Friday, 1 August 2025

I WALK PAST THESE BOOKS EVERY SINGLE DAY: A REPORT FROM A FUGITIVE.

On the way out of this office, I go by a bookcase every single day. I don’t know how many books are on there. And I don’t know how many I have read. At a wild guess, I’d say I also don’t know how many are unread.
   The bookcase hasn’t been there long. But there it is, and it is practically full. It contains a mix of books moved from elsewhere and books bought in recently. And now, as I blog, I am going to take a break and count the number of books I walk by.
   By the magic of typing, I have returned. There are 198 books, with one I know is misplaced for now. If it isn’t in this room, it is on this floor. I have space on one shelf for more volumes. How many more, only the floorboards can tell. If there’s a crack and a yell, you’ll know I’ve moved my collection downstairs in a hurry.
   How many of the 198 books have I read? Not all. I can’t read them all. After reading The Devil’s Dictionary, by Ambrose Bierce, I resolved never to fully read a reference book again – not even a joke of a reference book like his. I also resolved never to read Ambrose Bierce again, and the world is a better place for that.
   You don’t read reference books. They are for skimming. Diving into. Jumping out of. But they are not cover-to-cover experiences.
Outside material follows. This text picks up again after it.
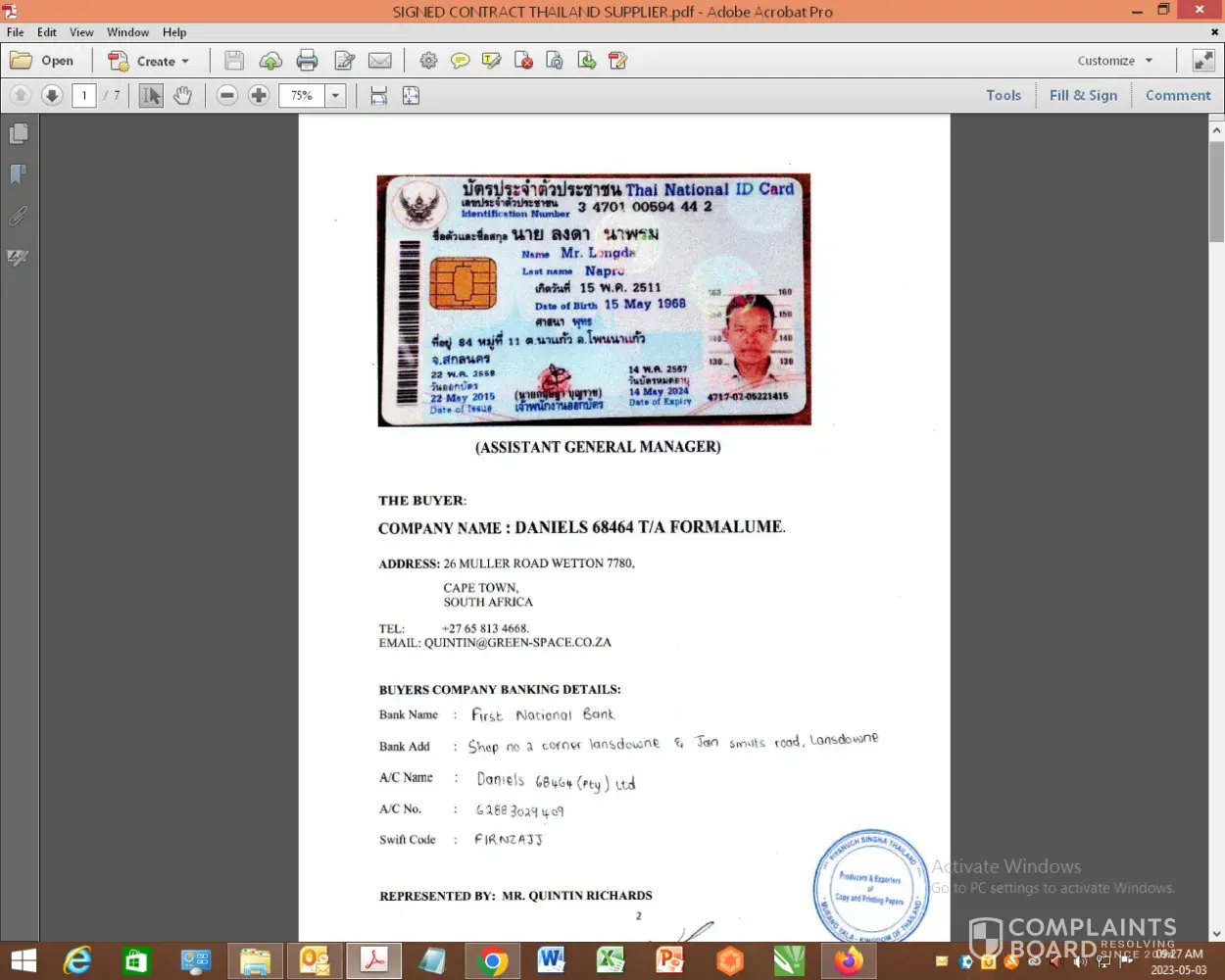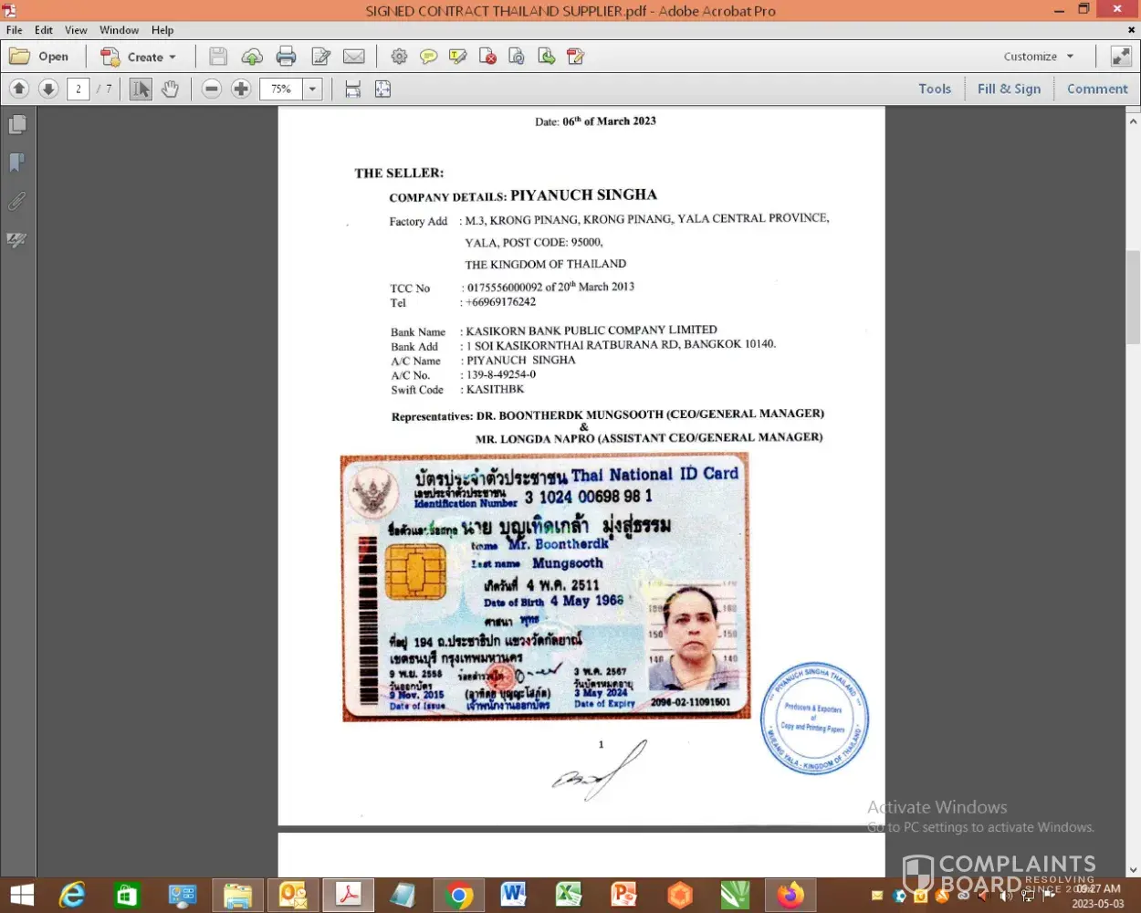 This is the I.D photos of Piyanuch Singha they sent me to sign contract as sole distributor.

I shall return, by the magic of typing, to eliminate the reference works there.
   I spy three reference books. That leaves 195 books on the shelves. Of those, how many are duplicates? Oh, duplicates don’t infest my stacks. Sometimes, inheriting a library, I gain a duplicate. By typing arcane and most sorcerous, I shall reappear…
   Ten books have duplicates. Some of these are different editions with slightly varied collections of short stories. If I wanted all the stories, I had to pick up two cheap editions when no overall compilation existed, for example.
   All duplicates were cheap. And I’ve read all the material there. So we’re down to 185 books that landed in that part of the room. Now to the question. How many of those 185 books have I read? I know this one is tricky.
   There are two books in a loose series. I know for a fact I’ve read one of them. Which one, I can’t recall. I suspect I’ll have to read both to be certain. And now, a fiddly counting process that should be straightforward. It never is.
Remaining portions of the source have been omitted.